1

I have a field in which values look like:

Field
pos1-123|pos2 xyx123|pos3-abc|pos4x350

I want to slice the field into four different calculated fields using REGEXP_EXTRACT that look like:

  • Calculated Field 1 : pos1-123,
  • Calculated Field 2 : pos2 xyx123
  • Calculated Field 3 : pos3-abc
  • Calculated Field 4 : pos4x350

I've managed to pull Calculated Field 1 on my own by using:

> REGEXP_EXTRACT(Field, '^//|(//|[[:alnum:]]+)')

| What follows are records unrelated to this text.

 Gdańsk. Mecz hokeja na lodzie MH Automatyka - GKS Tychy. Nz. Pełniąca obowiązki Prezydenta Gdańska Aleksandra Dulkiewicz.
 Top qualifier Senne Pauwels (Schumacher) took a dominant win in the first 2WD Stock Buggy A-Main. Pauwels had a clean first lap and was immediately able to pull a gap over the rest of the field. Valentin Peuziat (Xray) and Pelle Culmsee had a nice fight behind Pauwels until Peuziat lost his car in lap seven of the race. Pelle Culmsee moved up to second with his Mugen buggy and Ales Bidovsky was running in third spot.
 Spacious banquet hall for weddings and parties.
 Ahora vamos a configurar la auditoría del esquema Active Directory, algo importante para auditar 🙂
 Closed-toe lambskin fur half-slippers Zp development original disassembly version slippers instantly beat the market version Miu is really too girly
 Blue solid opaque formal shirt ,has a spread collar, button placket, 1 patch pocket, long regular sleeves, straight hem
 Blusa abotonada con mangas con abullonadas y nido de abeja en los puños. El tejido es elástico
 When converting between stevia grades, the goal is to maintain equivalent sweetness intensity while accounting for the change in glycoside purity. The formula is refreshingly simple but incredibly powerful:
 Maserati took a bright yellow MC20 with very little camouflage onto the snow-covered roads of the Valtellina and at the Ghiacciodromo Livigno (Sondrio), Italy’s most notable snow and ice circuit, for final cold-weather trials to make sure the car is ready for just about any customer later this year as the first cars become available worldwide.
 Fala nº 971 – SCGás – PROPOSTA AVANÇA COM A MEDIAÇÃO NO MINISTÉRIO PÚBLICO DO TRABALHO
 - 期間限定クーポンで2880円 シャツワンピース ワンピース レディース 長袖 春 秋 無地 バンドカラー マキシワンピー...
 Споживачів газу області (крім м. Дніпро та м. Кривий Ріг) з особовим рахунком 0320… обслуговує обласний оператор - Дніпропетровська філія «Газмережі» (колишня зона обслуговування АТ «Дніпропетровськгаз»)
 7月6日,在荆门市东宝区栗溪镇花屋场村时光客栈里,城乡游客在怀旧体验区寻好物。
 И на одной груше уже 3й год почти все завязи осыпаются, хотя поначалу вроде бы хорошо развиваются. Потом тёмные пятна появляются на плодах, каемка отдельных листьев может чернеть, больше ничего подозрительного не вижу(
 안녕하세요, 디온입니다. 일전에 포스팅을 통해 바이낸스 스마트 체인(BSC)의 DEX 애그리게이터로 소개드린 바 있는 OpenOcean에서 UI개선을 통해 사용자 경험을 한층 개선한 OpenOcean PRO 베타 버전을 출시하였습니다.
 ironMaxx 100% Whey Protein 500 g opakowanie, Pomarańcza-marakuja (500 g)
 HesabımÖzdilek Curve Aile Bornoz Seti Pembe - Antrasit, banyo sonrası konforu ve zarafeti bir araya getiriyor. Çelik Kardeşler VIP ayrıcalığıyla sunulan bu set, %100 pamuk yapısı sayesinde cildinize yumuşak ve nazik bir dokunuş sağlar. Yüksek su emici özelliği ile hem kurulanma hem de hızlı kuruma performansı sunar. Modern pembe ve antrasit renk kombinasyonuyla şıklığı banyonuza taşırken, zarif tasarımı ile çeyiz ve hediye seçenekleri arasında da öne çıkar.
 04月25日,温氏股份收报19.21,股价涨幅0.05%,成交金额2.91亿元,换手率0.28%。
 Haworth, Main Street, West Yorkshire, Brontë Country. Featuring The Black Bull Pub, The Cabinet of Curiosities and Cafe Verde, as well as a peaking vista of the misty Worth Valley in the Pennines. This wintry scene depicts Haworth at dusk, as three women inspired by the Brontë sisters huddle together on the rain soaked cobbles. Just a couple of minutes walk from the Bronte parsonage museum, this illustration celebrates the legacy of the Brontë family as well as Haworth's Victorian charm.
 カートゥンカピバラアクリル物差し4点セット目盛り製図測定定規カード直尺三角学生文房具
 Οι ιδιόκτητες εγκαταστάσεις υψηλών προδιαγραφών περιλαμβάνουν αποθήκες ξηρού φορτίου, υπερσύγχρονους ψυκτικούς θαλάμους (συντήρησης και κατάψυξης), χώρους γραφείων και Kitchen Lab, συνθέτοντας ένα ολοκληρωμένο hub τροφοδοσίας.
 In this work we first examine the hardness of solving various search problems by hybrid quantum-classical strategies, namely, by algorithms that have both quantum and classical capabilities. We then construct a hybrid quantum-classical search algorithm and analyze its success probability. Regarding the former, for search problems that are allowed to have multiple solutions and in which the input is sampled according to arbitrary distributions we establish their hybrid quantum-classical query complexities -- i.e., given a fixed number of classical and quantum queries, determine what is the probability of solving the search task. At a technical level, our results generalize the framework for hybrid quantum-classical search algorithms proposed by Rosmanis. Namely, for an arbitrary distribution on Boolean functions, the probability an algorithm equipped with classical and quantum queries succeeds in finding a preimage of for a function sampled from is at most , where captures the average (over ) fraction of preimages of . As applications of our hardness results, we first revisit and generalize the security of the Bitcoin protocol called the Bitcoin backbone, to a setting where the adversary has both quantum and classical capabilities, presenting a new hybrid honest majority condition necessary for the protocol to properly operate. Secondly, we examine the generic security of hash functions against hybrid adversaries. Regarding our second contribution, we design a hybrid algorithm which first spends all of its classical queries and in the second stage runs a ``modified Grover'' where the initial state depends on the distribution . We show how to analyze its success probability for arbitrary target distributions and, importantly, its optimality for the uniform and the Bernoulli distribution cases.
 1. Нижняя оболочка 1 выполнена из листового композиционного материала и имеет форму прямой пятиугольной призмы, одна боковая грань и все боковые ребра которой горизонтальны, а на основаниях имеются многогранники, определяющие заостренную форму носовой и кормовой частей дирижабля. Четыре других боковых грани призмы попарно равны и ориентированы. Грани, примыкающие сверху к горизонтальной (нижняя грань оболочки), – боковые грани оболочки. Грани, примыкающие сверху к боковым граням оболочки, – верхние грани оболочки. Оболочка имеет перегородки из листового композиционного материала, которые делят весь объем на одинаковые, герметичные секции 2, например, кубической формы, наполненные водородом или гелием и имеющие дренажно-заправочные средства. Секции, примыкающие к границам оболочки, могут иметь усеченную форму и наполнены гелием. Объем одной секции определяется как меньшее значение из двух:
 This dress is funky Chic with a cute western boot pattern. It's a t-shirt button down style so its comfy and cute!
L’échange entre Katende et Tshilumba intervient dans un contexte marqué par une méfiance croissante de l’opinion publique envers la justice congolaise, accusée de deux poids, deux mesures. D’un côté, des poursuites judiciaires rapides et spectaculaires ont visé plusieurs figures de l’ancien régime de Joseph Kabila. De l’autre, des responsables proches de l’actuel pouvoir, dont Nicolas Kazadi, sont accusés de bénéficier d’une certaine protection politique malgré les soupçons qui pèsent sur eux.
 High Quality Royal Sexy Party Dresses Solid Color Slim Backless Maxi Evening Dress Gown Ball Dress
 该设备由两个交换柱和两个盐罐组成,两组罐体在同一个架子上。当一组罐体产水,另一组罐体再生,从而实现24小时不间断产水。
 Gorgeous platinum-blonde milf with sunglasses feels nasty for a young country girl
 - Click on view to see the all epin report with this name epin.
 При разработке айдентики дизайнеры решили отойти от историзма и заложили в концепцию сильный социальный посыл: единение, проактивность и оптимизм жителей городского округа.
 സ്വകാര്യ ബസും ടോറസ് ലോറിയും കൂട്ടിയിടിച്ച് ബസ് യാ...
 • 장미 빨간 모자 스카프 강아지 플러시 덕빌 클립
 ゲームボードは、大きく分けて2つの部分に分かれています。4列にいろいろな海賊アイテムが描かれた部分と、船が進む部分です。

However, I'm getting stuck on iterating through the rest of the string.

Nimantha
  • 6,405
  • 6
  • 28
  • 69
Leo_Taco
  • 45
  • 10
  • Maybe `REGEXP_EXTRACT_ALL` with `([^|]+)` will do? – Wiktor Stribiżew Apr 19 '21 at 19:28
  • I think because Google Data Studio uses RE2 the REGEXP_EXTRACT_ALL function isn't allowed. – Leo_Taco Apr 19 '21 at 19:49
  • 1
    Ok, use 1) `REGEXP_EXTRACT(Field, '^([^|]+)')`, 2) `REGEXP_EXTRACT(Field, '^[^|]+\|([^|]+)')`, 3) `REGEXP_EXTRACT(Field, '^(?:[^|]+\|){2}([^|]+)')` and 4) `REGEXP_EXTRACT(Field, '^(?:[^|]+\|){3}([^|]+)')` – Wiktor Stribiżew Apr 19 '21 at 19:51
  • This is working perfectly now thanks! My only change is that in RE you need two \'s to escape a token so: ^(?:[^|]+\\|){2}([^|]+) – Leo_Taco Apr 19 '21 at 21:56

1 Answers1

1

You can use the following regular expressions:

REGEXP_EXTRACT(Field, '^([^|]+)')
REGEXP_EXTRACT(Field, '^[^|]+\\|([^|]+)')
REGEXP_EXTRACT(Field, '^(?:[^|]+\\|){2}([^|]+)')
REGEXP_EXTRACT(Field, '^(?:[^|]+\\|){3}([^|]+)')

Details:

  • ^ - start of string
  • (?:[^|]+\\|){3} - three occurrences ({3}) of
    • [^|]+ - any one or more chars other than |
    • \| - a | char
  • ([^|]+) - Capturing group 1: any one or more chars other than |.
Wiktor Stribiżew
  • 607,720
  • 39
  • 448
  • 563